Congress holds hearing on Haiti for first time in 20 years

Panel listens as Haitian activists describe corruption

By Alex Daugherty, McClatchy Washington Bureau
Published: December 10, 2019, 10:03pm

WASHINGTON — Minutes after House Democrats announced articles of impeachment on President Donald Trump on Tuesday, Rep. Frederica Wilson entered a meeting room in Washington and asked a group of Haitian activists about efforts to impeach their embattled president, Jovenel Moise.

“We live in the United States and we have corruption … right in our White House just like you have corruption with your president,” said Wilson, D-Fla. “What has happened to the impeachment process in Haiti?”

Emmanuela Douyon, an economist and activist with Petrochallenger and Nou Pap Domi anti-corruption grassroots movement, laid out a scenario that makes the allegations against Trump look minuscule in comparison.

“They voted against (impeachment),” Douyon said of the Lower House of Deputies in the Haitian Parliament that is controlled by the executive. “Parliament members received money for their vote. There is a corrupt Parliament where the majority allies with the president and they are taking money from the president and their party to vote when he needed their support.”

This was the same legislative body that jettisoned the prime minister in March, leaving Haiti without a legitimate government since.

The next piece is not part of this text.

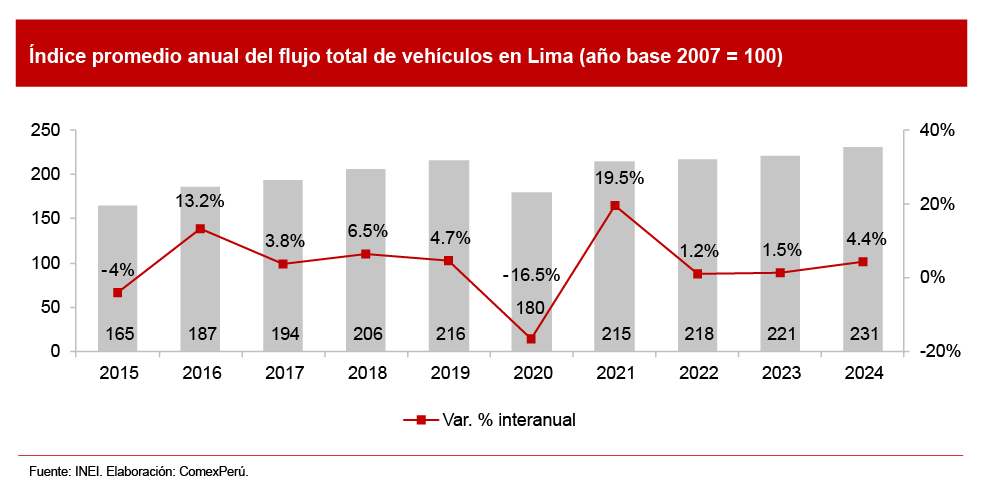 El índice de flujo vehicular promedio anual en Lima aumentó un 4.4% en 2024. Impulsar proyectos de infraestructura vial será importante para reducir la congestión vehicular. Sin embargo, la solución integral debe incluir una conexión eficiente con el sistema de transporte público masivo, lo que permitiría reducir los costos asociados al tráfico.
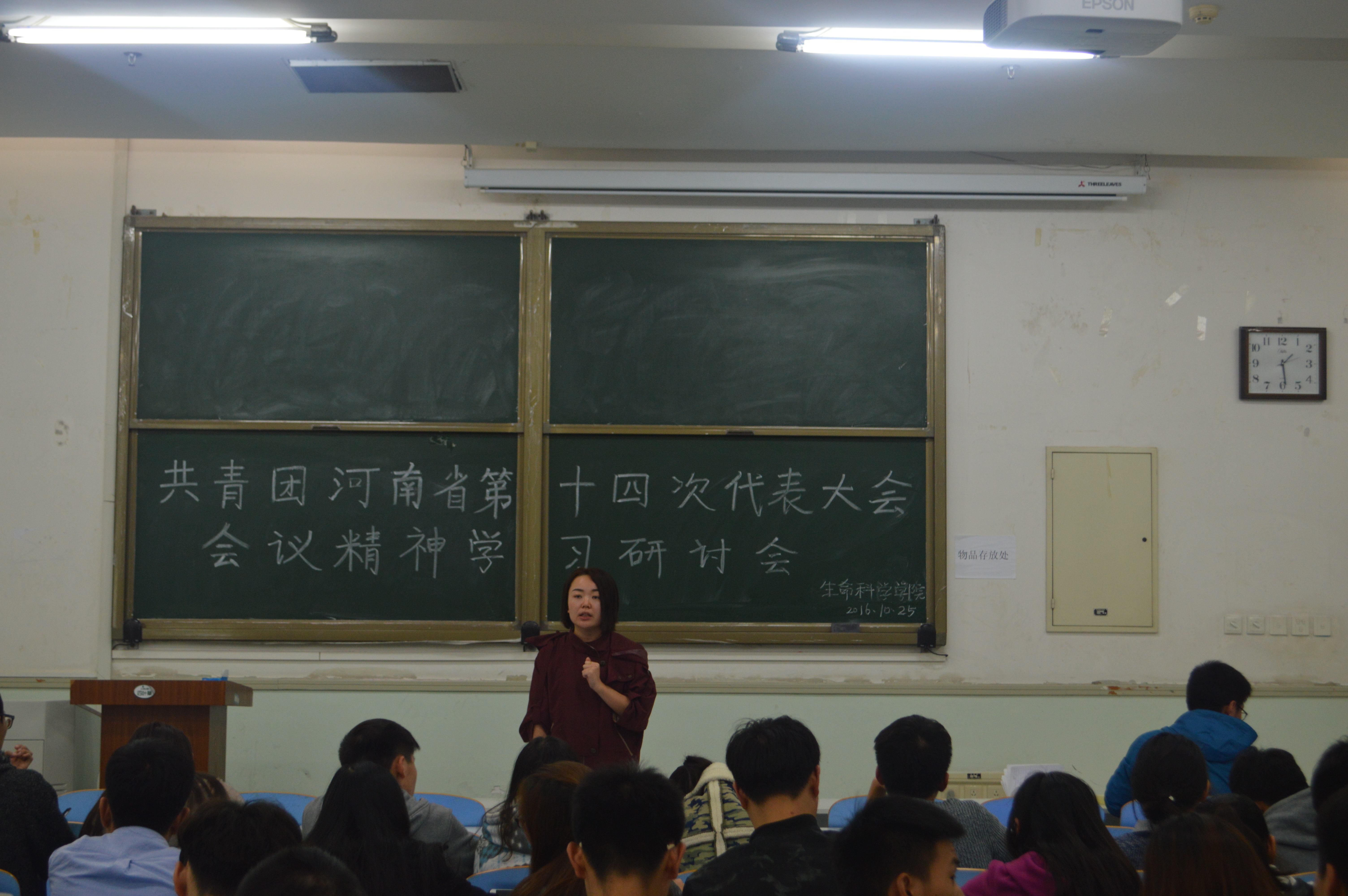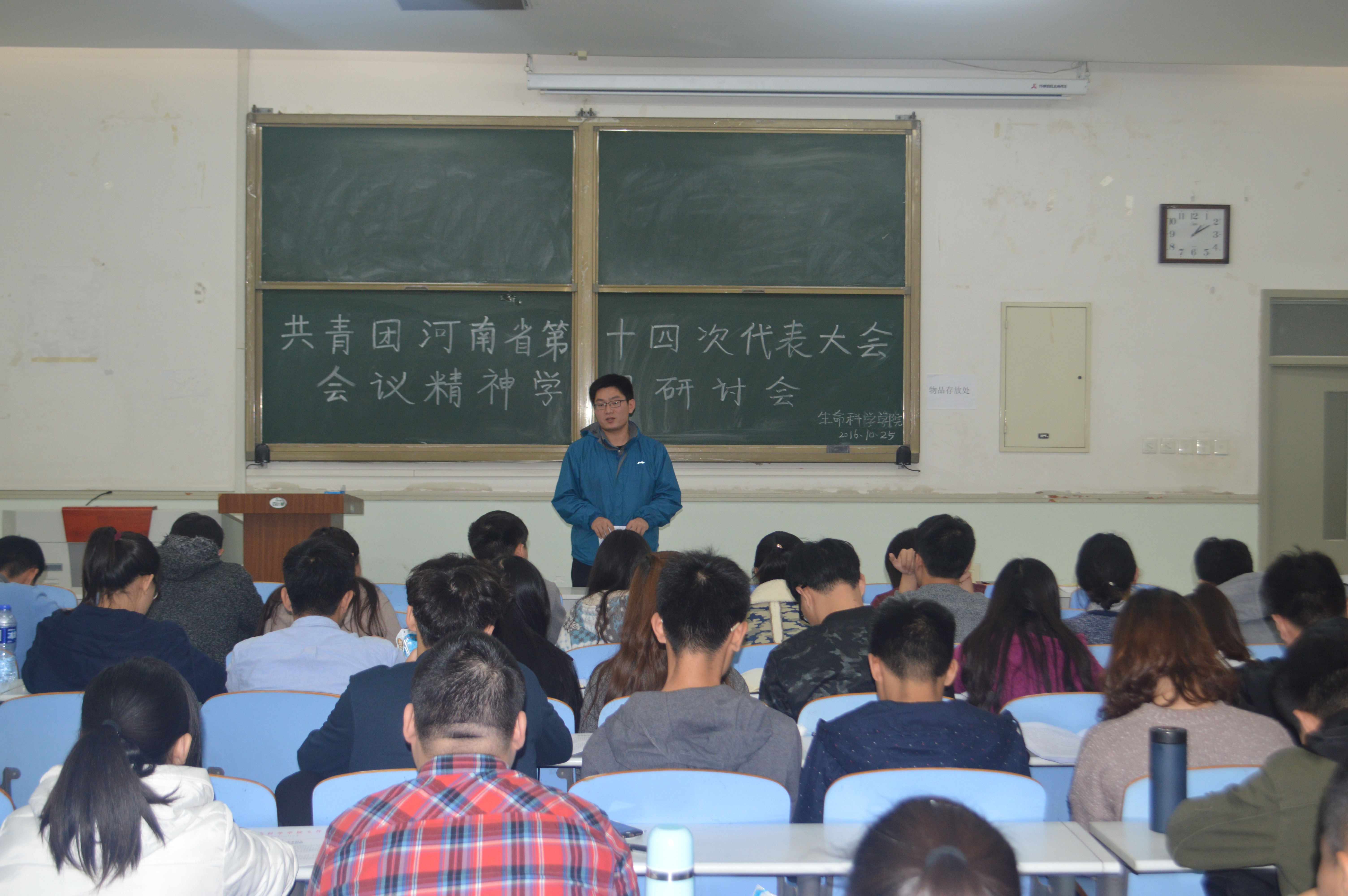 在文化路校区工程楼102教室召开了共青团河南省第十四次代表大会会议精神学习研讨会。会议由院团委书记雷雯主持,团委副书记黄笑,团委委员及干事,14、15级各班班长、团支书以及学院其他学生干部参加了此次研讨会。

The House Foreign Affairs Committee held its first hearing on Haiti in 20 years amid ongoing political instability and widespread anti-government protests calling for Moise to step down. Wilson, who is not a member of the committee but represents one of the largest Haitian communities in the United States, said she pressured the committee to hold the hearing.

“We have basically put Haiti on the back burner for too long,” Wilson said. “There’s apathy in the United States, there’s apathy in Haiti. Now, we have to put Haiti in the conversation of this committee. I am the genesis of this committee hearing because I said you got to have a hearing on Haiti.”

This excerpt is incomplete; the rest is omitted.